Ask The Biologist

Turkey Invaders

Turkey Invaders

By Bob Humphrey

Contrary to the myth, deer and turkeys do quite well together.

QUESTION: I live in Maine, and the state started transplanting turkeys into my area about 10 years ago. Now we have lots of turkeys and fewer deer. The turkeys seem to be outcompeting deer for things like acorns and possibly causing more disturbance to them. What do you think? — Kurt W.

ANSWER: This is one of those myths that, like Rasputin, just won’t die. Think of it this way: Set an ice cube out on the kitchen counter, turn on the radio and walk away. When you come back two hours later the ice will be melted. Did the radio cause the ice to melt? No.

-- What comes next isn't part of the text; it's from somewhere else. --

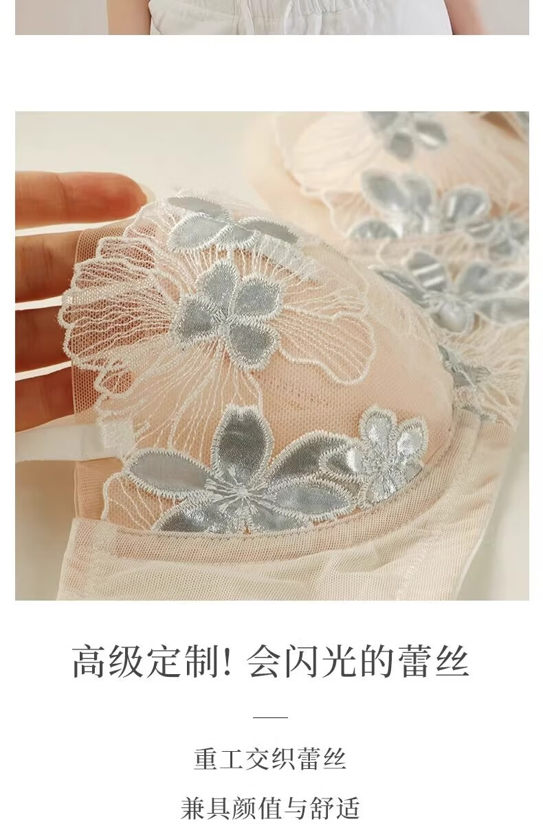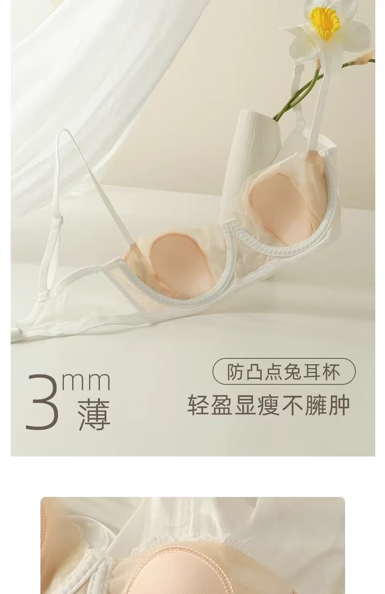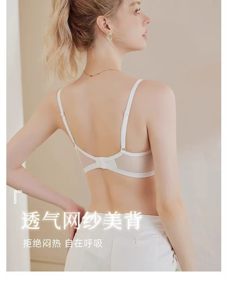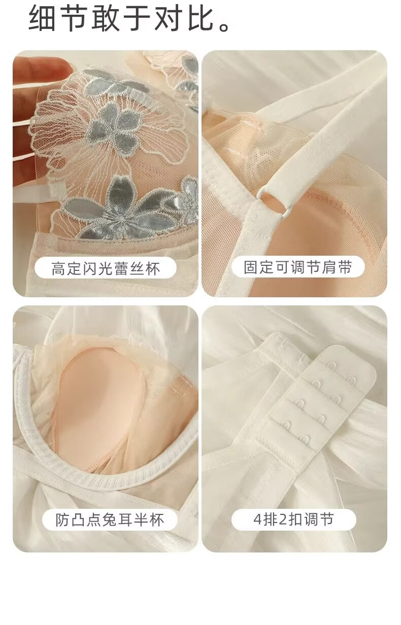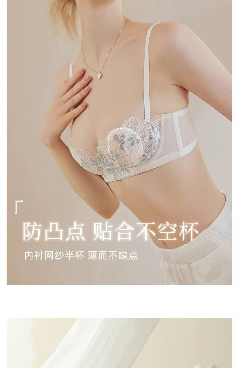 KING WINNER French lace low-cut underwear for women, thin, large breasts, small breasts, gathered sexy half-cup bra, white suit, 70B, one size fits all
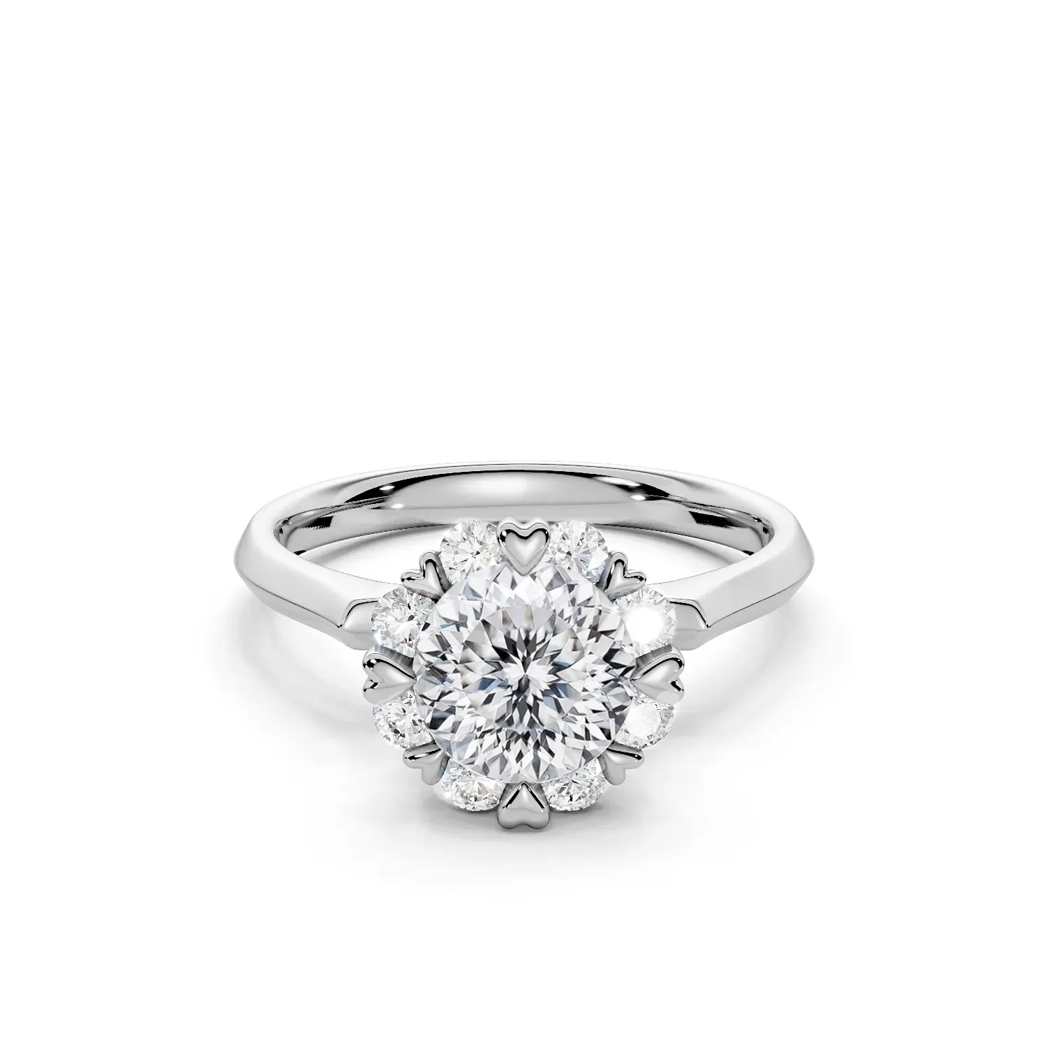 A bold take on elegance, the Vivre ring pairs eight diamonds in heart-shaped prongs with a center double brilliance stone secured by four elongated claws.A hidden halo and outstanding profile enhance brilliance from every angle. The knife-edge band and sculpted shoulders evoke the elegance of opera-inspired silhouettes. Crafted with Vivre’s signature craftsmanship, this engagement ring blends intricate detail with refined, flowing lines—perfect for a modern romantic with a love for design.

The fact of the matter is, deer and turkeys do quite well together. Both eat a wide variety of foods, some of which are the same. The competition might appear more intense with things like acorns because they’re obvious to us. But you must remember that acorns (and other nuts) are more of a luxury than a staple. Deer and turkeys might gain a slight edge in years with bumper crops, but they will still survive quite well in years when there are few or no acorns. If either species has an advantage, it’s deer. They can feed 24/7, while turkeys only feed during daylight hours.

You might consider other causes for a decline of deer in your area, whether real or perceived. I know that Maine’s deer herd has only recently started rebounding from the ill effects of several severe winters, and that coyote predation has been extremely intense for several decades. Add liberal antlerless harvests to that equation and you end up with a minus sum.